After a rocky start, Gracie has learned to potty outside. While she was learning, we put up an industrial work site style accident sign, just to keep a sense of humor about us. I was so proud of making it to day 2, we took this picture. 










While I was posting it to Facebook, beeming with pride, she peed on the carpet :foxes15: I had to immediately post the sign wiped clean, with yet another zero posted. So later, when we made it to 12, we posted a celebratory picture. I didn't even wait for an official two weeks. Here is a picture that i took of our "Rock The Potty" party :hello1: .
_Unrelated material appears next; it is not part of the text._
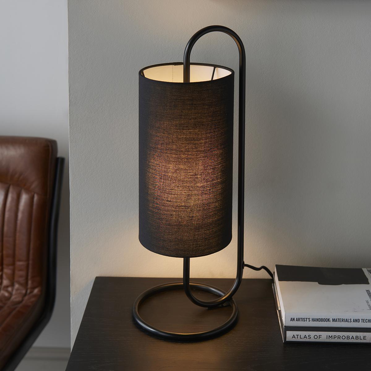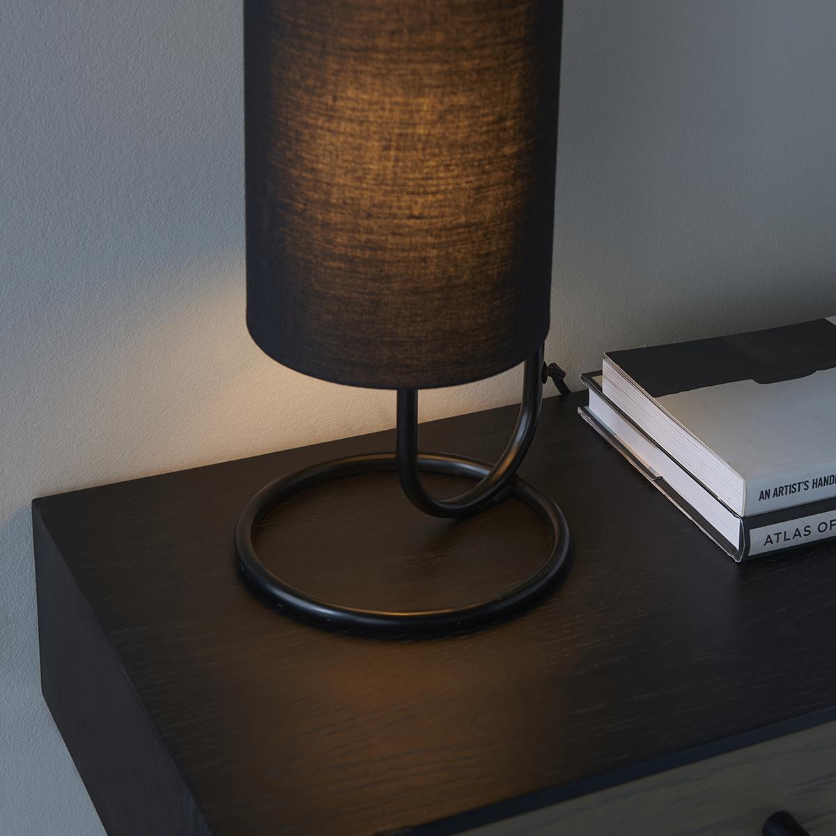 I really like this lamp for its sleek, modern appeal and understated elegance. The matt black finish ensures it seamlessly fits into contemporary, minimalist, or industrial-inspired interiors, adding a touch of sophistication without overpowering the space. Its compact size and versatile design make it ideal as an occasional or bedside lamp, while the black fabric shade creates a warm, diffused glow that enhances cosy corners. For styling tips, consider pairing it with soft textures like velvet cushions or matte ceramic accessories to keep the look cohesive. It also works well on side tables or as a statement piece on a console, providing functional lighting with a refined aesthetic.
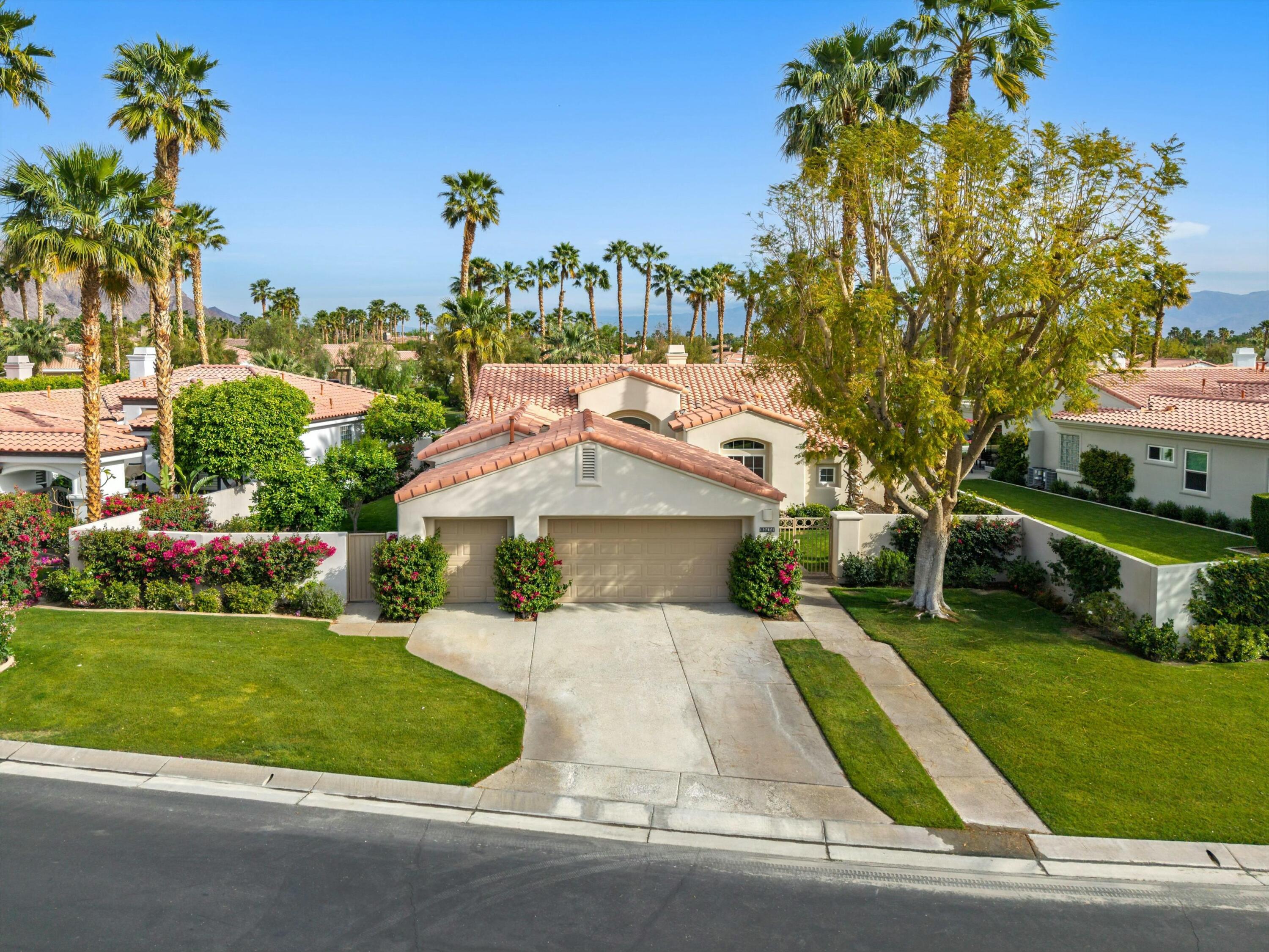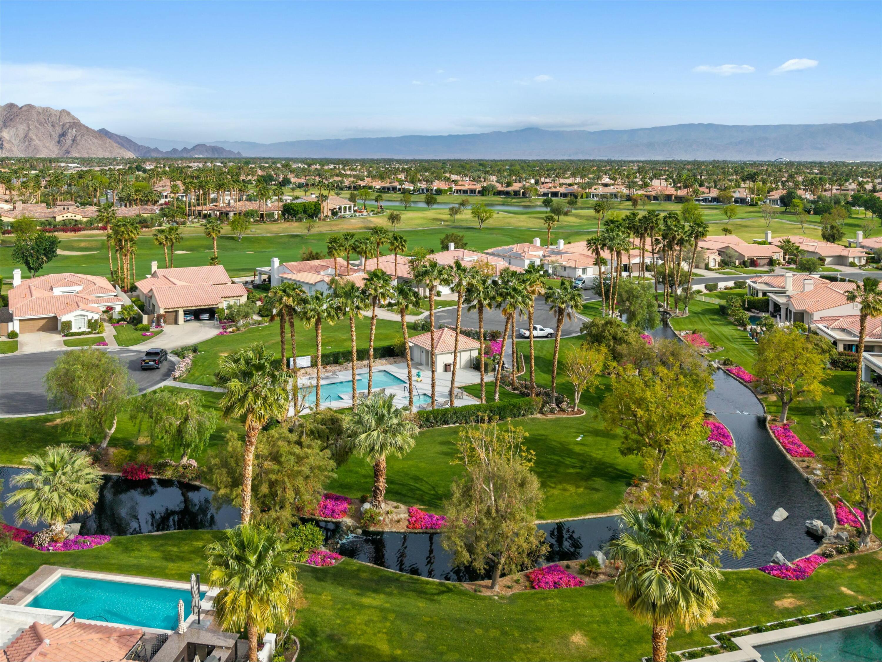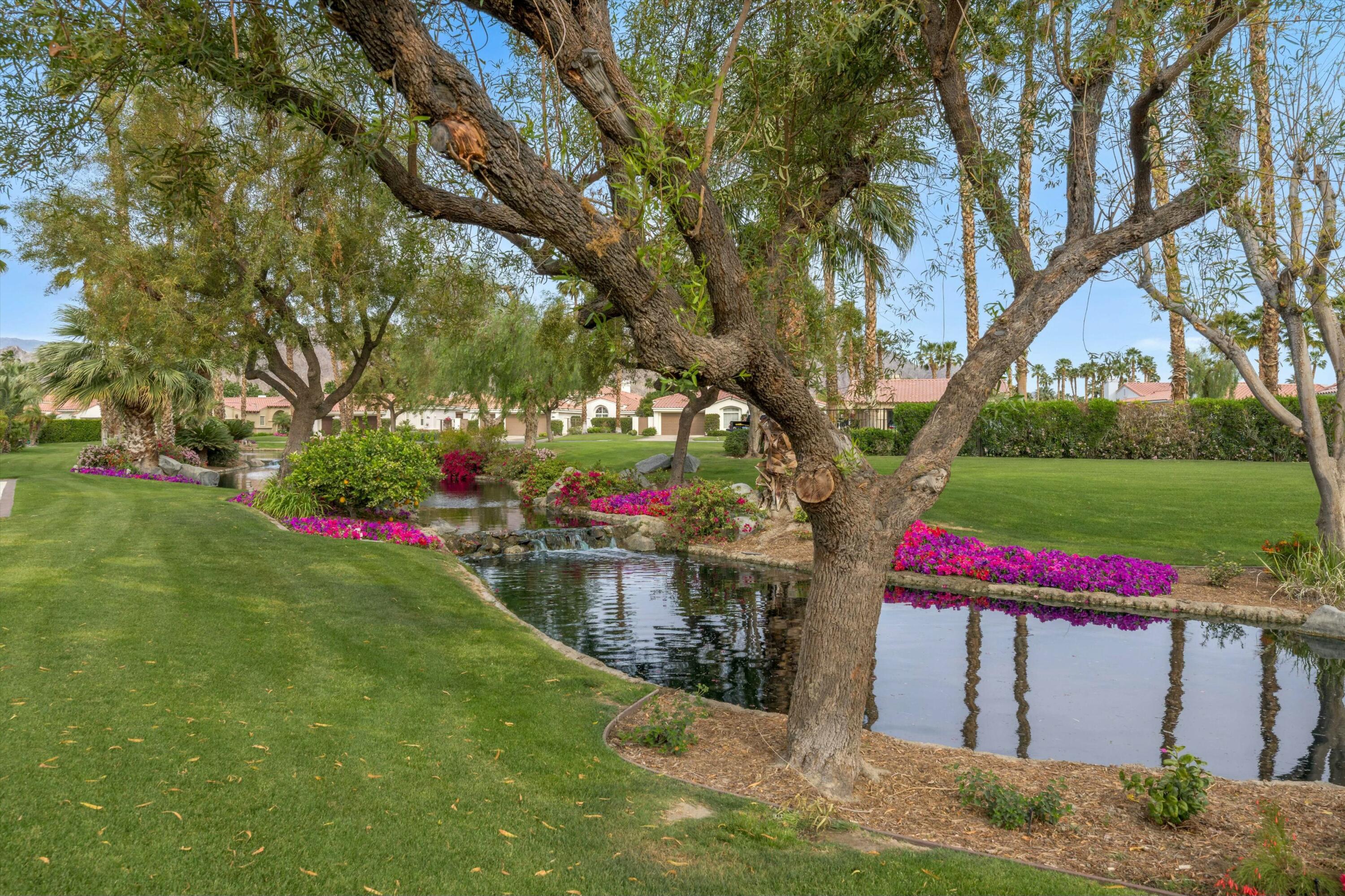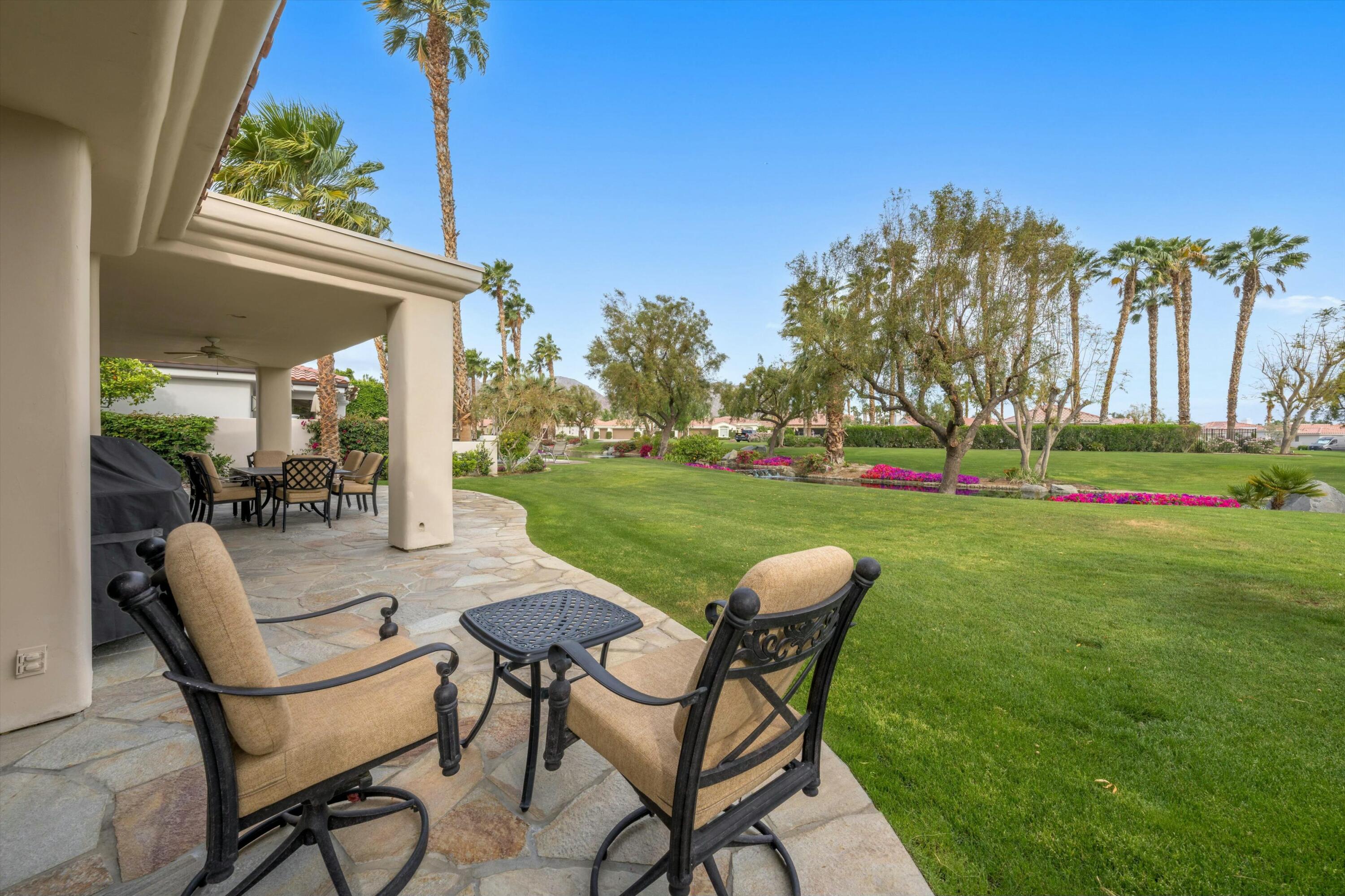 Welcome to the prestigious Weiskopf Residential area inside the gates of the world-famous PGA West. This Ryder One floor plan home features a spacious 2100 sq ft floor plan with 3 bedrooms and 3 baths, situated on a unique and private waterfront setting. The serene water views add to the peaceful ambiance of the beautifully landscaped backyard which boasts lush green grass, mature shade trees, picturesque mountain views and a generously sized side yard. Upon entering, you'll be greeted by an open-concept great room, highlighted by a large quartz center kitchen island and expansive windows that frame the stunning backyard views. The great room also features a wet bar and a dedicated dining area, perfect for entertaining. The primary suite offers a tranquil retreat with direct backyard access through oversized patio door, a spacious walk-in closet, dual vanity, separate tile shower and luxurious soaking tub. The second bedroom includes its own en-suite bathroom, while the 3rd bedroom offers the flexibility to be used as a guest room, den or office. A separate laundry room completes the interior of this very clean home.Residents also enjoy access to a sizable community pool/spa, just a short walk away. PGA West is known as the Western Home of Golf, offering 6 professional golf courses- 3 private and 3 open to the public. The community features three distinct clubhouses, each with its own unique character, along with state-of-the-art sports and fitness center exclusively for members. Additionally nearby attractions include world class equestrian center and renowned polo fields home to the Coachella and Stagecoach Music Festivals. This home has the premium pool sized lot and location to be a very special place to call home.Interested in this Listing?

finally, Gracie might be goofy looking, or she might have a smidge of another breed in her background-possibly rat terrier. Thanks for everyone here in the Chi forums for overlooking her murky, pound puppy heritage. She is definitely 100% dog and has a 100% chihuahua personality and we love her very much.


----------



## *Princess* (Feb 7, 2009)

Well done Gracie x


----------



## Mandy (Jan 16, 2009)

awwwww this made me smile good girl gracie well done xx


----------



## KayC (May 3, 2005)

That is adorable, love it...... WTG Gracie


----------



## rms3402 (Dec 2, 2010)

YAY! YOU GO GRACIE! Soon, you'll run out of room to write the amount of days that go by without an accident, promise!  And I don't think she's goofy looking! She's a cutie!


----------



## jesuschick (Dec 5, 2010)

Okay, that is hilarious! The hat is too much! Isn't it amazing the small victories (okay replacing a house full of carpet is no small thing!) we all now celebrate? Who would have thought!


----------



## Ava (Jul 6, 2011)

Thanks, everybody! Here is a link to my blog, if anyone is interested. It's from my Chiweenie's perspective. The point originally was to show how adopting a new dog is fun, but also not without problems along the way. People sometimes are too quick to give up on a new animal or behavioral situation. Blog Posts are on about a four week delay, so if you read some problems with Gracie, the new Chi, don't worry, so far everything has worked out in the end. *Maggie's Blog *I also put a link up for the Chihuahua-People.com on my website, too.


----------



## OurCheekyChihuahuas (Nov 18, 2009)

HAHAAH jeeeeez that is hilarious! Very smart! lol Great Photos

Well done Gracie!


----------



## Tanna (Jan 29, 2009)

Gracie is beautiful, just the way she is. Good job on the potty training.


----------



## Ava (Jul 6, 2011)

*Random Rant*

My parents just visited for two days. Here is a list of food that my mother brought to my home:


three bags of frozen corn
two loaves of cinnamon raisin bread
a decorated birthdaycake (in honor of her own birthday)
a plate of slices of assorted poundcake
a flat of frappichinos
half a pound of stilton cheese
two jars of marinated asparagus spears
jar of marinated artichoke hearts
case of heinican beer, which no one here drinks
part of a block of cheddar cheese
sliced swiss cheese
part of a package of uncooked bacon
three heads of romaine lettuce
bag of home grown tomatos

Every time they visit, I have to throw out part of my refridgerator contents, in order to accomodate the random things my mom brings. I've asked nicely for her to just bring herself, and not bags and bags of food.


----------



## Ava (Jul 6, 2011)

So thanks for reading my rant (above). I'd like to open my diary up for your secret rants. What's bugging you, that you can't air on Facebook or Twitter?


----------



## mellawson (Nov 8, 2011)

Ohhh how funny! all of it!...I realize this is an older thread but in the off chance your still around I just want to say thanks for the laugh!


----------



## Tanna (Jan 29, 2009)

Good girl gracie, we are all very proud of you.


----------



## Finn (Sep 14, 2010)

Love your sense of humor. In my house, it's 12 hours . . . or 12 minutes . . . ugh. That's why the Chi rescue squad only has two rooms, hard surfaces, and a cleaning station.


----------



## Ava (Jul 6, 2011)

Thanks Kathy, Finn and Melissa for checking out my thread. Hopefully this will be good for another laugh. 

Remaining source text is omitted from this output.